GP numbers in England down every year since 2015 pledge to raise them

The number of GPs in England has fallen every year since the government first pledged to increase the family doctor workforce by 5,000, a minister has admitted.

Denis Campbell

There were 29,364 full-time-equivalent GPs in post in September 2015, when the then health secretary, Jeremy Hunt, first promised to increase the total by 5,000 by 2020.

However, by September 2020 the number of family doctors had dropped to 27,939, a fall of 1,425, the health minister Maria Caulfield disclosed in a parliamentary answer. And it has fallen even further since then, to 27,920, she confirmed, citing NHS workforce data.

In the 2019 general election campaign, Boris Johnson replaced Hunt’s pledge with a new commitment to increase the number of GPs in England by 6,000 by 2024. However, Sajid Javid, the health secretary, admitted last November that this pledge was unlikely to be met because so many family doctors were retiring early.

Organisations representing GPs say their heavy workloads, rising expectations among patients, excess bureaucracy, a lack of other health professionals working alongside them in surgeries, and concern that overwork may lead to them making mistakes are prompting experienced family doctors to quit in order to improve their mental health and work-life balance.

The British Medical Association (BMA) said the figures Caulfield cited showed that the lack of doctors in general practice was “going from bad to worse for both GPs and patients”, and it warned that patients were paying the price in the form of long waits for an appointment.

“Despite repeated pledges from government to boost the workforce by thousands, it’s going completely the wrong way,” said Dr Kieran Sharrock, the deputy chair of the BMA’s GP committee. “As numbers fall, remaining GPs are forced to stretch themselves even more thinly, and this of course impacts access for patients and the safety of care provided.”

Dr Dan Poulter, the Conservative MP who tabled the question, said: “These figures are hugely worrying because they show that GP numbers in England have been falling, despite ministerial pledges to increase them.

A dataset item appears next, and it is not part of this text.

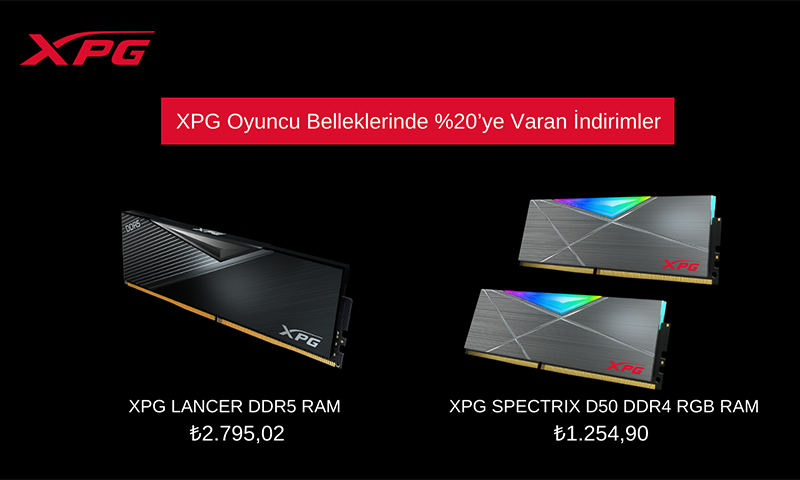 Oyuncular, e-sporcular ve teknoloji meraklıları için hazır sistemler, bileşenler ve çevre birimleri üreten XPG, DDR RAM’lerde Yüzde 20’ye varan indirimlerle kullanıcıları memnun edecek kampanyalar sunmaya devam ediyor.
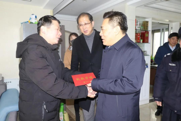 1月27日上午,盐城市总工会党组书记、常务副主席王玉新一行上门看望慰问抱病在家休养的邮政投递员刘学峰。

“GPs’ relentless workloads are clearly a major factor here. Patients and the entire NHS desperately need more family doctors, in order to reduce waiting times and ensure people who are ill get care, and referral on to hospital if needed, as soon as possible.”

Although record numbers of young doctors are choosing to train as GPs, the persistently high rate of early retirement means moves to increase the workforce are faltering. Hunt has cited that as the key reason his pledge of 5,000 more family doctors was not fulfilled.

Poulter, a former health minister who works part-time as a psychiatrist in the NHS, urged the government to push through changes to help ease the pressure on GPs.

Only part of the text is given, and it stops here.